My final version completed the same work in under 5 seconds which is an improvement of around 40000 times or 4 orders of magnitude. I was thinking about putting together a talk on optimization for the next DFW Pythoneer meeting but after looking around for information, it seems there is plenty on the web written by wiser people than me.. so instead here is a blog post.

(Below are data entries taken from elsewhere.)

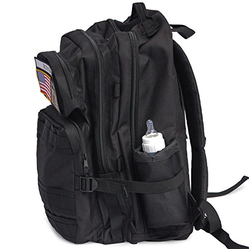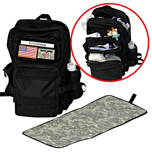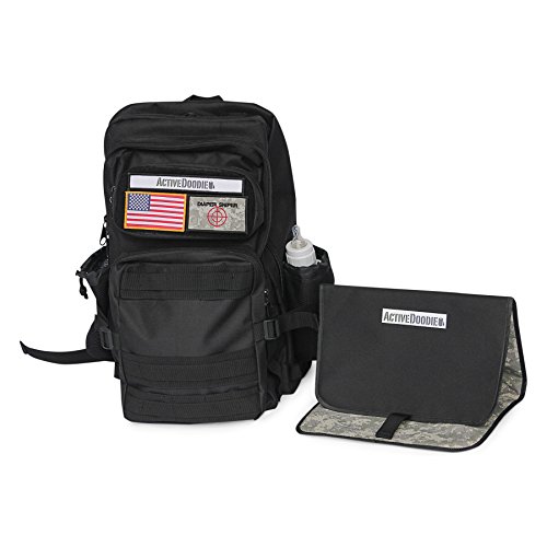 The ActiveDoodie Diaper backpack and changing pad helps you and your baby survive dad hood. This baby diaper backpack is not like other diaper backpacks. We are military inspired and built tough. This diaper backpack is built to be durable and is a the perfect hiking, travel backpack diaper bag. Fitted with two quick access bottle holders, one of them being insulated allows you to keep that bottle at the right temp. Five compartments ranging in size perfectly fit everything you need for survival while making sure you can focus on your baby safety. Do not be the mom or dad lugging an oversized purse your wife picked out, this is the perfect baby diaper backpack for women or men alike. This adult diaper backpack is comfortable to wear is a durable high quality 600 denier polyester material that can withstand the destruction that often comes with kids. This tactical backpack diaper bag comes with three velcro patches, Activedoodie, the American flag and the camo Diaper Sniper patch. Included the camouflage changing pad fits its own compartment in the main pocket on the front of the large diaper backpack. This diaper backpack will last for years and transform from a newborn diaper backpack, to baby backpack diaper bag, toddler backpack diaper bag and be around for many kids to come. Always be prepared and be a diaper sniper.Feature
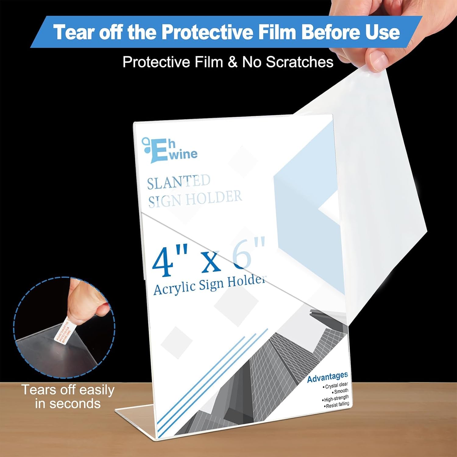 EHWINE 24 Pack 4 x 6 Acrylic Sign Holder, Clear Plastic Signs Display Stand, Vertical Slanted Back Paper Holder Stand up Table Top Sign Holders Flyer Stand Frames Suitable for Office Business Store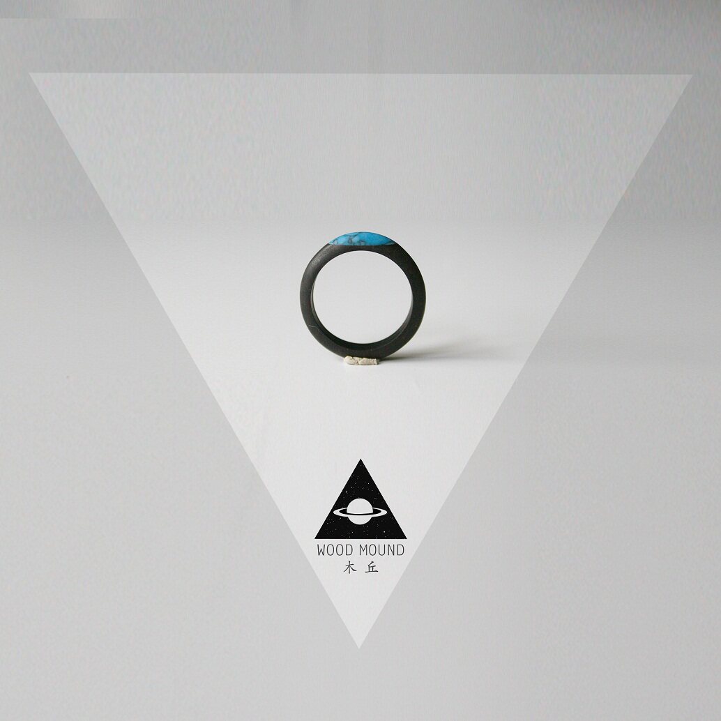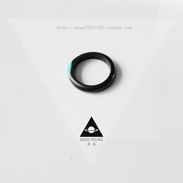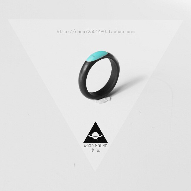 木丘 乌木黑檀木戒指镶嵌松石指环简约男女情侣对戒原创手工定制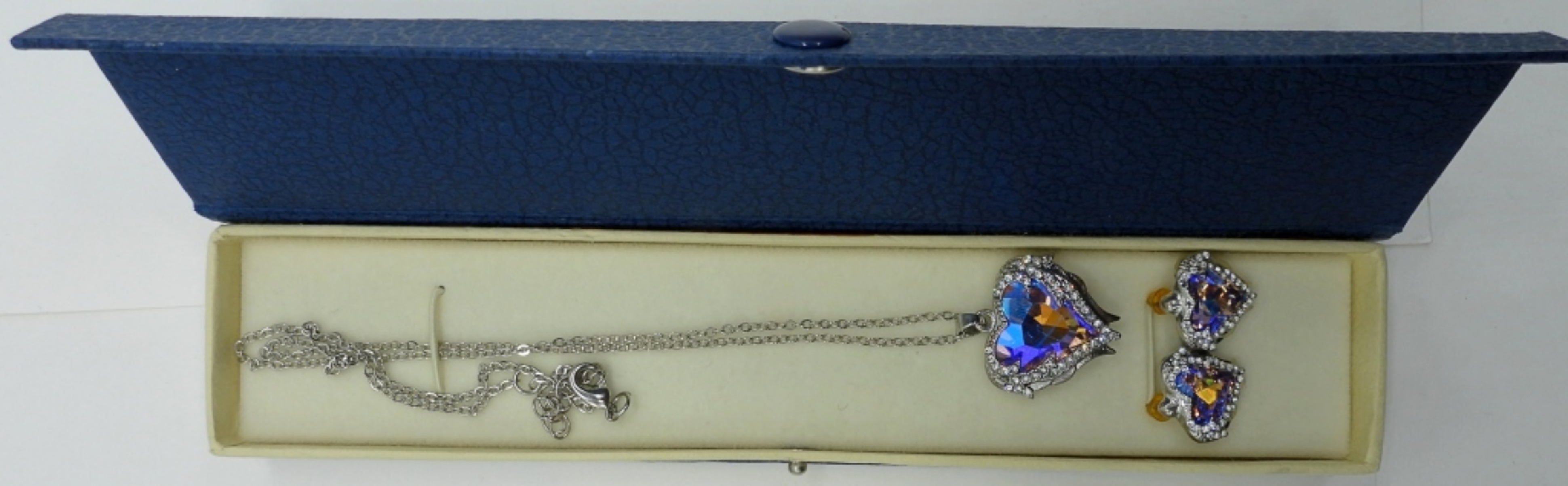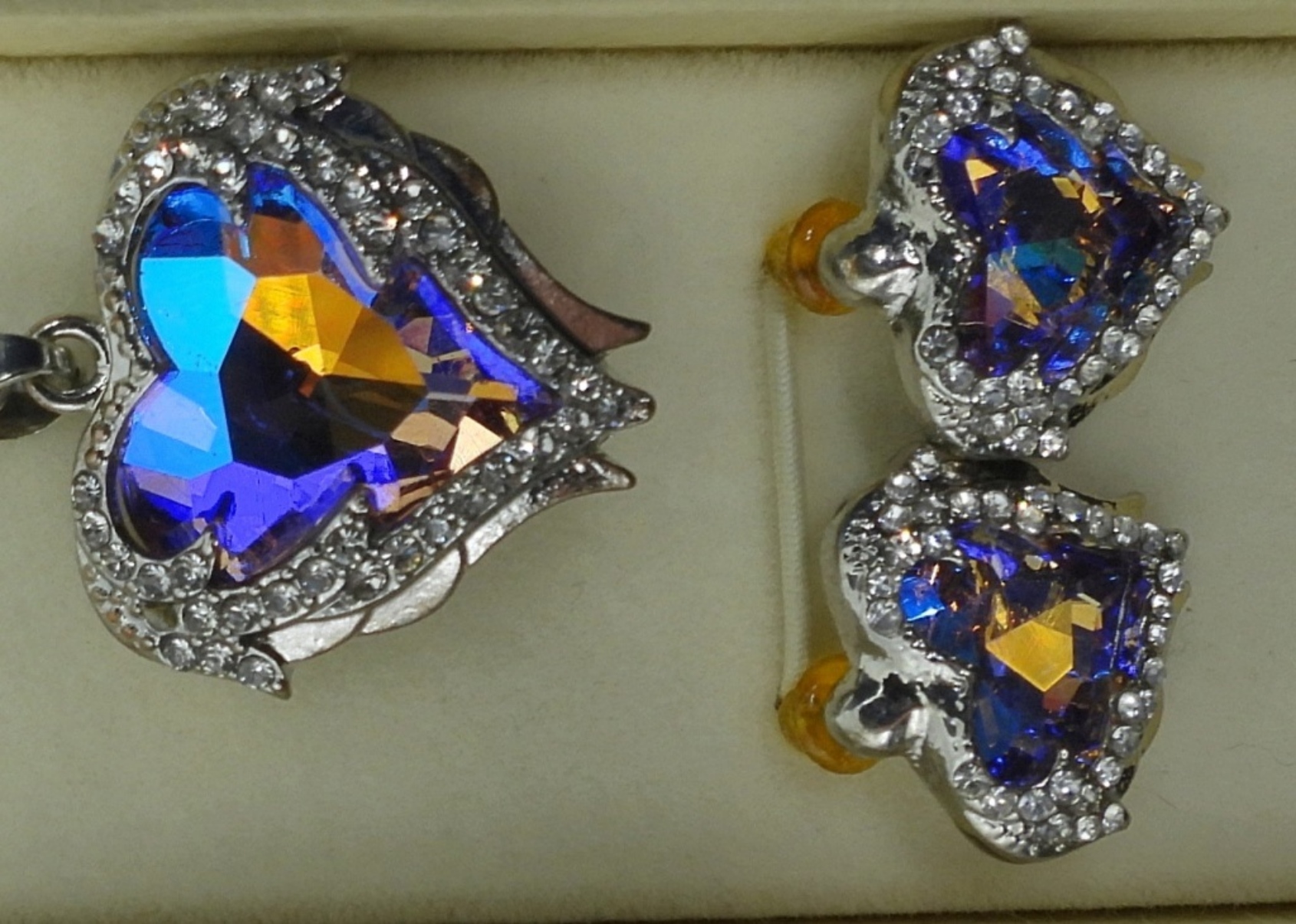 LOOKS LIKE MYSTIC TOPAZ, IT’S NOT. NECKLACE IS 20″. MATCHING PIERCED EARRINGS.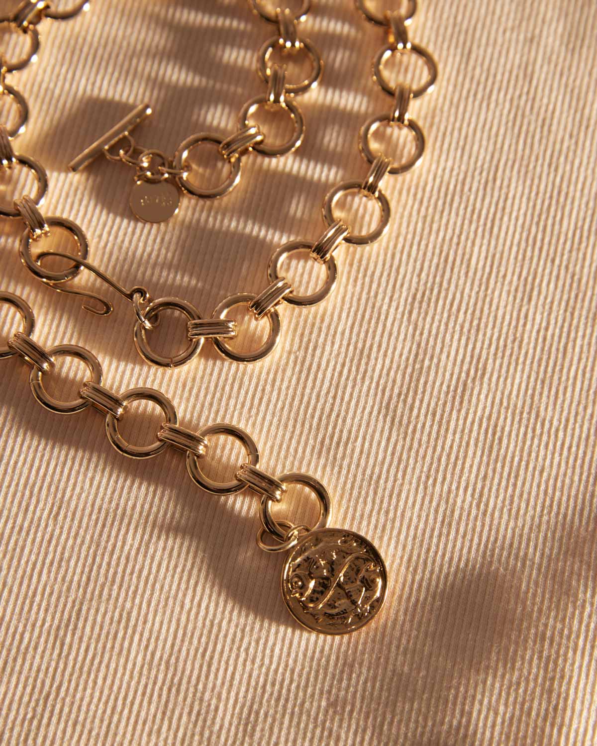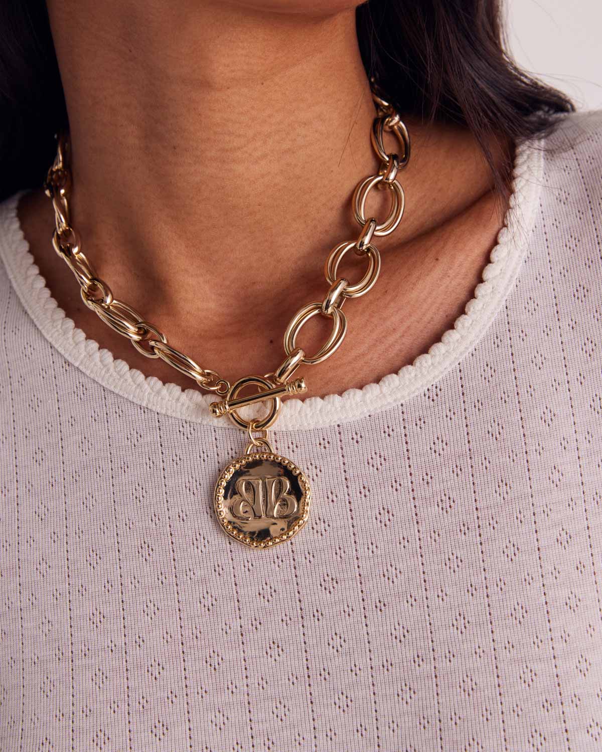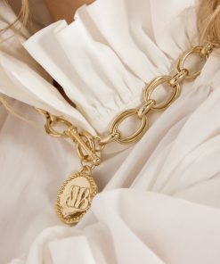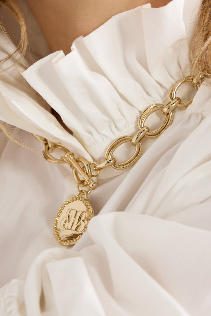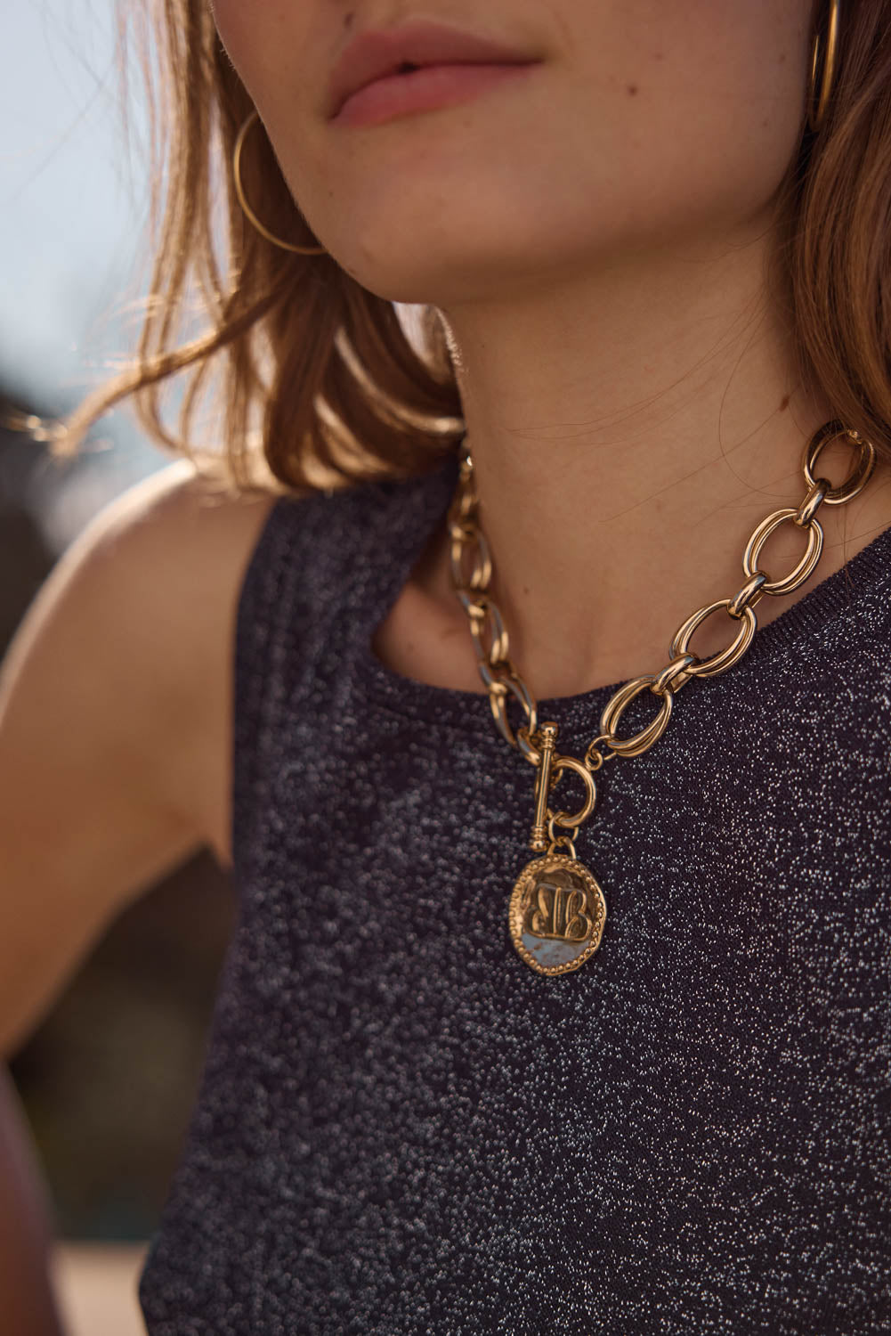 Le collier Peter doré se compose de maillons imposants et d’une médaille subtilement gravée du monogramme de Balzac Paris, reflétant ainsi un esprit à la fois classique et contemporain.

Rules of optimization (applicable to all code, not just Python):

Premature optimization is the root of all evil (D. Knuth)
Make it right then make it fast: not much point in getting a wrong answer quickly.
Measure, don't guess. You might think you know what is fast and what is not .. and you may be surprised.
Rewrite the inner loop (Guido van Rossum). If you don't have any loops then you may not have any opportunity for improvement but otherwise most of your cpu time is spent in the innermost loop so fix that first.
Rethink the algorithm. Sometimes, the profiled and optimized code can still be made faster but only by accepting that you need to rethink your approach. As an example, you could check if a number is prime by dividing it by every number that is smaller than it but that would be silly.

Measuring Python:

timeit.py - a great script that ships with python, look in the lib/python directory, useful to measure small snippets.
profile - (cProfile or hotshot) collects information about the number of function calls and the time per call and accumulated time.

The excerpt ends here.